Ignore common terms in field-based query

Let's say I have a search that matches two inputs (first name and last name) against first name and last name fields in my index.

My index contains very clean data - good first names, good last names.

However, the data entry driving the search query has poor quality data. Often the first name may actually contain a prefix such as "Mrs." instead of a first name like "Jessica".

So I may encounter queries such as "First=Mrs, Last=Robinson".

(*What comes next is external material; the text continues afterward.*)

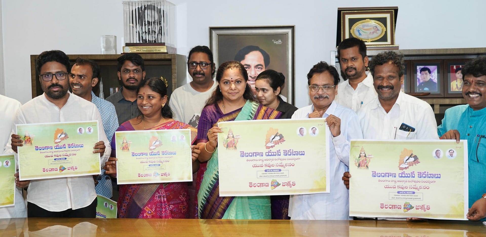 Kavitha: తెలంగాణ ఆవిర్భావ దినోత్సవం సందర్భంగా జూన్ 2వ తేదీన యువ కవుల సమ్మేళనం నిర్వహిస్తున్నట్లు తెలంగాణ జాగృతి ప్రకటించింది. తెలంగాణ సారస్వత పరిషత్ లో జరగనున్న ఈ సమ్మేళనానికి సంబంధించిన పోస్టర్ ను గురువారం నాడు తెలంగాణ జాగృతి అధ్యక్షురాలు, ఎమ్మెల్సీ కల్వకుంట్ల కవిత తన నివాసంలో ఆవిష్కరించారు.
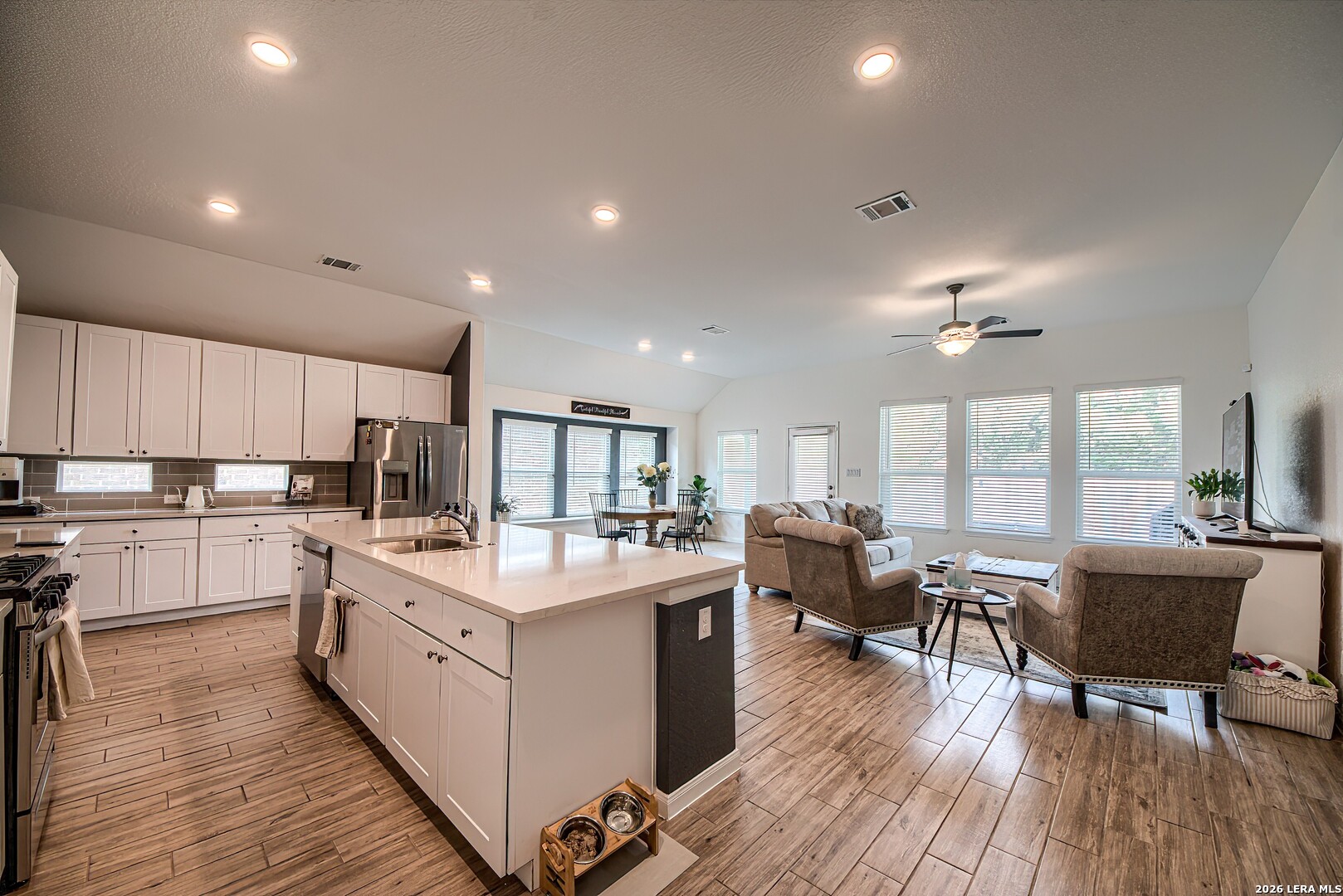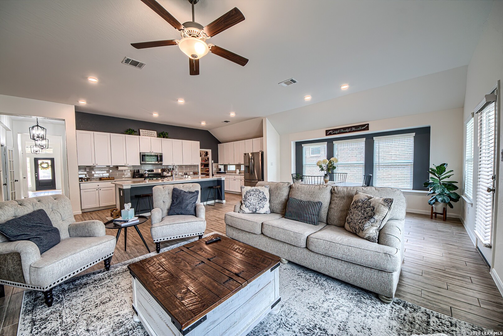 9523 Norfolk Wheel | San Antonio, TX 78254 Close to Lackland Air Force Base * Top Schools * Beautiful Home Welcome to this beautifully designed single-story home situated on a premium corner lot in Northwest San Antonio-perfectly positioned for those relocating or seeking convenient access to Lackland Air Force Base. A beautiful glass front door welcomes you home, set beneath a covered front porch that offers both charm and shade-perfect for enjoying the Texas evenings. Built in 2021, this spacious 4-bedroom, 3-bath home offers approximately 2,376 square feet of thoughtfully designed living space, combining modern finishes with energy-efficient features for today's lifestyle. The open-concept layout is ideal for everyday living and entertaining, seamlessly connecting the kitchen, dining, and living areas. The kitchen is a true showstopper, featuring stainless steel appliances with gas cooking and beautiful, elegant white countertops with a clean, seamless finish. This kitchen offers extensive counter space and abundant cabinetry, providing exceptional storage, all complemented by natural light that fills the space and creates a warm, inviting feel. At the heart of the home is a huge, inviting center island-perfect for gathering, meal prep, and entertaining. A charming window seat adds the perfect cozy touch, creating a bright and welcoming space to relax, dine, or enjoy your morning coffee. Enjoy added value with a tankless water heater, water softener, garage door opener, blinds, security system, and a full sprinkler system already in place-making this home truly move-in ready. The private primary suite offers a relaxing retreat with an en-suite bath featuring dual vanities, a Texas-sized walk-in shower, and a spacious walk-in closet. The suite is enhanced by three large windows that flood the room with natural light, creating a bright and airy atmosphere. In addition, a well-placed linen closet provides extra storage and everyday convenience-because you can never have too much storage. Three additional bedrooms provide flexibility for guests, a home office, or multi-generational living. One of the secondary bedrooms features a charming window seat, adding character and a cozy nook-perfect for reading or relaxing. Step outside and enjoy both a covered front porch and covered back patio-ideal for relaxing and entertaining while staying shaded from the Texas heat. The backyard backs to neighboring properties on acreage, offering a more open feel, enhanced privacy, and a peaceful setting. Combined with the corner lot, this home delivers both space and serenity. Top-Rated Schools (NISD) This home is zoned to highly regarded Northside ISD schools: Harlan High School Straus Middle School Dr. Pat Henderson Elementary School Located at the front of the community for easy access, this home is just minutes from local schools, H-E-B, and the expanding retail and dining scene in Northwest San Antonio. Ongoing road expansions will provide even quicker access to HWY 211, enhancing commutes to Lackland Air Force Base and major employers such as USAA, Valero, Microsoft, and Wells Fargo.

I'd like to define a list of words such as "Mrs, Mr, Ms, Dr, Prof" where if those are given as the First Name to search for, I'd want my search to behave as if they passed null/blank for first name instead, and focus on searching for Last name exclusively. However if a good first name (ie not one of those words) is given, I'd want the search to treat first name and last name equally in weight.

Is this possible to do?

What I've tried:

  • stop words / token filter: most advice I've found as in respect to the index / data ingestion phase, rather than cleaning up data inside a query.
  • script template + conditional clauses: This seems close, but it seems like I can only consider a field's presence in a query rather than react to a specific set of values in that field when present

How are you running the query currently? When a term is not found in a field, it doesn't contribute to the score so having tokens that never occur shouldn't be a big deal? Unless you are requiring that both the first name and the last name match?

Have you looked into configuring a search_analyzer on your first_name field that configures stop words?